Vindt men voor L 10 bijvoorbeeld de waarde 105 , dan was het lawaainiveau daar gedurende 10 % van de meetperiode hoger dan 105 en gedurende 90 % van de meetperiode 105 of lager.
Op een werkdag is van 04.00 uur tot 24.00 uur het lawaainiveau continu gemeten op een bepaalde plek. Voor die meetperiode en die plek vond men L 10 = 105 . Alleen tijdens de ochtendspits (07.00 - 09.00 uur) en de avondspits (17.00 - 19.00 uur) werden daarbij waarden hoger dan 100 gemeten.

e

Maak op grond van het bovenstaande een mogelijke grafiek; zet verticaal het lawaainiveau L uit en horizontaal de tijd (een etmaal). Geef een toelichting.

In Londen hebben onderzoekers bovendien per plek aan een groot aantal omwonenden gevraagd in welke mate men zich ergert aan het verkeerslawaai. Op grond van de antwoorden bepaalden de onderzoekers een "ergernisscore" E voor elke plek. Voor E gebruikten ze de getallen 0 tot en met 10 , waarbij E = 0 overeenkomt met "in het geheel niet ergerlijk" en E = 10 met "uitermate ergerlijk".
Er bleek geen direct verband te bestaan tussen de ergernis- score en L 10 . Een hogere waarde van L 10 leverde niet altijd een hogere ergernis-score. De ondervraagden bleken zich namelijk met name te ergeren aan lawaai dat vrachtauto's en bussen maken. Diepgaande analyse van de resultaten leidde tot het opstellen van een model waarin naast E en L 10 ook het percentage zwaar verkeer p is opgenomen; zie onderstaande figuur.

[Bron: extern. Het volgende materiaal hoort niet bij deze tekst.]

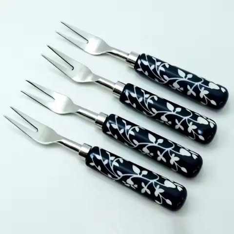 Juego de Cubiertos de Acero Inoxidable y Resina Ecológicos para Servir en Bodas con Pulido Espejo, 4 Piezas con Mango Largo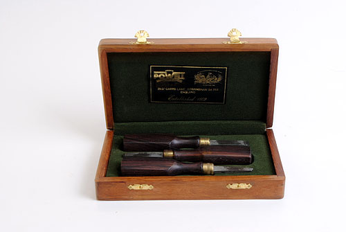 A CASED SET OF TURNSCREWS, small (damaged, medium, large) turnscrews, green baize lined oak case with William Powell trade label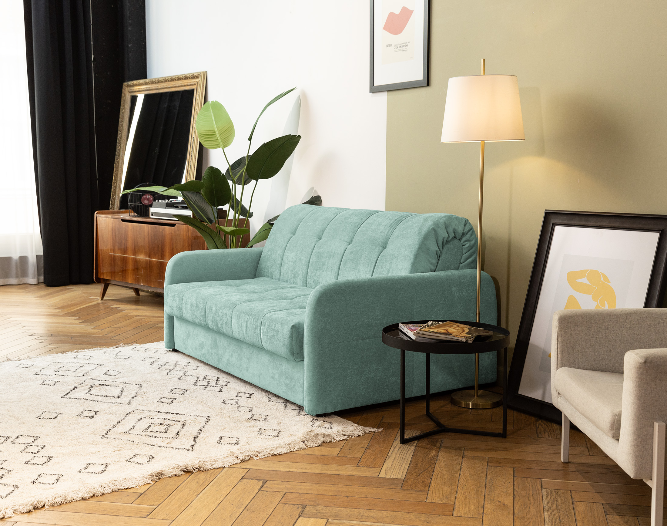 Идеальный пример эргономичной мебели. Небольшой по габаритам диван легко трансформируется в полноценное спальное место для двоих.

Voordat een ringweg was aangelegd, leverden metingen voor een zeker knelpunt in Londen op: L 10 = 85 en p = 35 . Na de openstelling van de ringweg is het op het knelpunt veel minder druk. Tegenwoordig is de ergernis-score voor het knelpunt nog maar de helft van die van vroeger.
Het percentage zwaar verkeer op het knelpunt is tegenwoordig 15 .

f

Lees af hoe groot L 10 op het knelpunt tegenwoordig ongeveer is. Licht je werkwijze toe.

Op grond van de figuur kan voor E een formule worden opgesteld van de vorm: E = 0,1 L 10 + b log ( p ) + c .

g

Bereken b en c in één decimaal.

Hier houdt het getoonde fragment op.